──────── Exercise data ────────

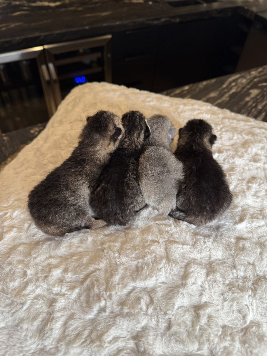 2 Males 2 Female Purebred Scottish Straight Longhair female, Winnie (green eyes), and our purebred Scottish Straight Shorthair male (WCF registered, proven).This pairing combines exceptional temperament, rare coat lines, and diverse color genetics. About the Father Purebred Scottish Straight (chatgpt://generic-entity?number=0) (WCF Registered) • Proven stud with multiple healthy litters • Extremely affectionate and deeply bonded • Slightly shy at first but warms up quickly • Produces consistently cuddly, people-oriented kittens He has produced: • Black shaded goldens • Silver shaded • Silver tabby • Golden brown shaded/tabby • Potential for blue kittens with compatible genetics His kittens are known for being exceptionally affectionate regardless of the mother. About the Mother – Winnie Scottish Straight Longhair (chatgpt://generic-entity?number=1) (Fold Line Carrier) Winnie is truly the most affectionate cat we’ve ever owned. Everyone who meets her — even people who “aren’t cat people” — falls in love and wants to take her home. • Rare long, luxurious coat • Beautiful green eyes • Extremely cuddly and bonded • Vocal and talks back when you speak to her • Loves constant companionship She comes from strong fold and straight lineage. Her mother has folded ears, and previous litters in her line have produced a high percentage of folds. Her lines have produced: • Silver • White with blue eyes • Various shaded and tabby combinations What This Pairing May Produce Because both parents come from Scottish Fold lines (while both are straight-eared), this litter may include: • Scottish Fold (chatgpt://generic-entity?number=2) kittens • Scottish Straight (chatgpt://generic-entity?number=3) kittens • Longhair and shorthair variations • Silver, golden, shaded, tabby, and possibly blue tones Pick order will determine selection. While we can discuss preferences, we cannot guarantee color, coat length, or ear type. Pricing & Reservation Details • $2,200 per kitten • We prioritize loving, indoor homes and well-matched placements.
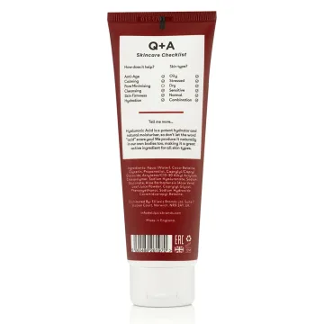 Q+A Hyaluronic Acid Gel Cleanser är en mild ansiktsrengöring som tar bort orenheter och make-up. Efter användning känns huden rengjord och återfuktad. Innehåller aloe vera och hyaluronsyra som är fuktbindande och näringsgivande. Parfymfri. Vegansk. 125 ml.
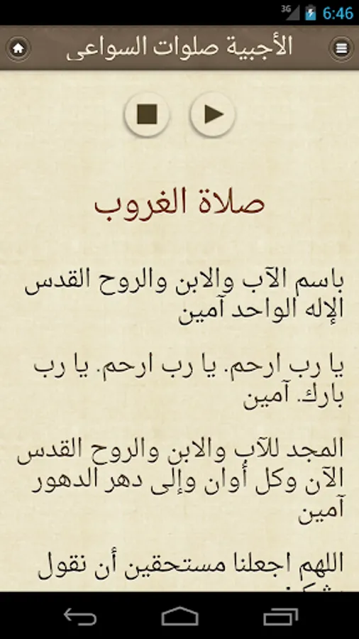 Text size can be changed to your reading preferences and the application offers easy navigation and control over both the audio and text. The application includes various prayers besides the Agpeya for your complete needs.
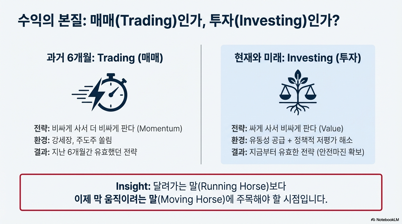 전략가는 지금 '투자의 관점'으로 회귀할 것을 권고합니다. 지수가 일정 수준에 도달한 상황에서, 고점 부근의 주도주를 추격하는 것은 하방 리스크는 크고 상방 여력은 제한적인 '부정적 비대칭성'을 갖기 때문입니다. 반면, 바닥에서 고개를 들기 시작한 저평가 우량주는 하락장은 방어하면서도 상승 시 폭발적인 탄력을 보여주는 '긍정적 비대칭 수익비'를 제공합니다.
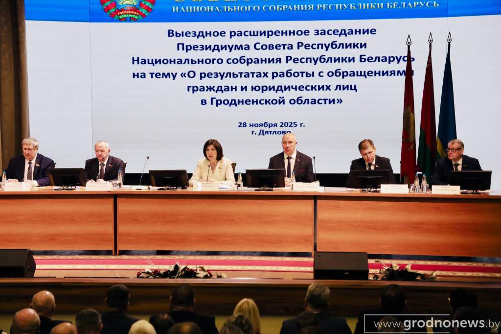 Выездное расширенное заседание Президиума Совета Республики Национального собрания Республики Беларусь проходит под руководством главы верхней палаты Парламента Натальи Кочановой. Участие в заседании также принимают председатель Гродненского облисполкома Юрий Караев, помощник Президента – инспектор по Гродненской области Константин Бурак.

────────

#### To do:
With the pictures set aside, copy each line above as written.

#### Response:
 2 Males 2 Female Purebred Scottish Straight Longhair female, Winnie (green eyes), and our purebred Scottish Straight Shorthair male (WCF registered, proven).This pairing combines exceptional temperament, rare coat lines, and diverse color genetics. About the Father Purebred Scottish Straight (chatgpt://generic-entity?number=0) (WCF Registered) • Proven stud with multiple healthy litters • Extremely affectionate and deeply bonded • Slightly shy at first but warms up quickly • Produces consistently cuddly, people-oriented kittens He has produced: • Black shaded goldens • Silver shaded • Silver tabby • Golden brown shaded/tabby • Potential for blue kittens with compatible genetics His kittens are known for being exceptionally affectionate regardless of the mother. About the Mother – Winnie Scottish Straight Longhair (chatgpt://generic-entity?number=1) (Fold Line Carrier) Winnie is truly the most affectionate cat we’ve ever owned. Everyone who meets her — even people who “aren’t cat people” — falls in love and wants to take her home. • Rare long, luxurious coat • Beautiful green eyes • Extremely cuddly and bonded • Vocal and talks back when you speak to her • Loves constant companionship She comes from strong fold and straight lineage. Her mother has folded ears, and previous litters in her line have produced a high percentage of folds. Her lines have produced: • Silver • White with blue eyes • Various shaded and tabby combinations What This Pairing May Produce Because both parents come from Scottish Fold lines (while both are straight-eared), this litter may include: • Scottish Fold (chatgpt://generic-entity?number=2) kittens • Scottish Straight (chatgpt://generic-entity?number=3) kittens • Longhair and shorthair variations • Silver, golden, shaded, tabby, and possibly blue tones Pick order will determine selection. While we can discuss preferences, we cannot guarantee color, coat length, or ear type. Pricing & Reservation Details • $2,200 per kitten • We prioritize loving, indoor homes and well-matched placements.
 Q+A Hyaluronic Acid Gel Cleanser är en mild ansiktsrengöring som tar bort orenheter och make-up. Efter användning känns huden rengjord och återfuktad. Innehåller aloe vera och hyaluronsyra som är fuktbindande och näringsgivande. Parfymfri. Vegansk. 125 ml.
 Text size can be changed to your reading preferences and the application offers easy navigation and control over both the audio and text. The application includes various prayers besides the Agpeya for your complete needs.
 전략가는 지금 '투자의 관점'으로 회귀할 것을 권고합니다. 지수가 일정 수준에 도달한 상황에서, 고점 부근의 주도주를 추격하는 것은 하방 리스크는 크고 상방 여력은 제한적인 '부정적 비대칭성'을 갖기 때문입니다. 반면, 바닥에서 고개를 들기 시작한 저평가 우량주는 하락장은 방어하면서도 상승 시 폭발적인 탄력을 보여주는 '긍정적 비대칭 수익비'를 제공합니다.
 Выездное расширенное заседание Президиума Совета Республики Национального собрания Республики Беларусь проходит под руководством главы верхней палаты Парламента Натальи Кочановой. Участие в заседании также принимают председатель Гродненского облисполкома Юрий Караев, помощник Президента – инспектор по Гродненской области Константин Бурак.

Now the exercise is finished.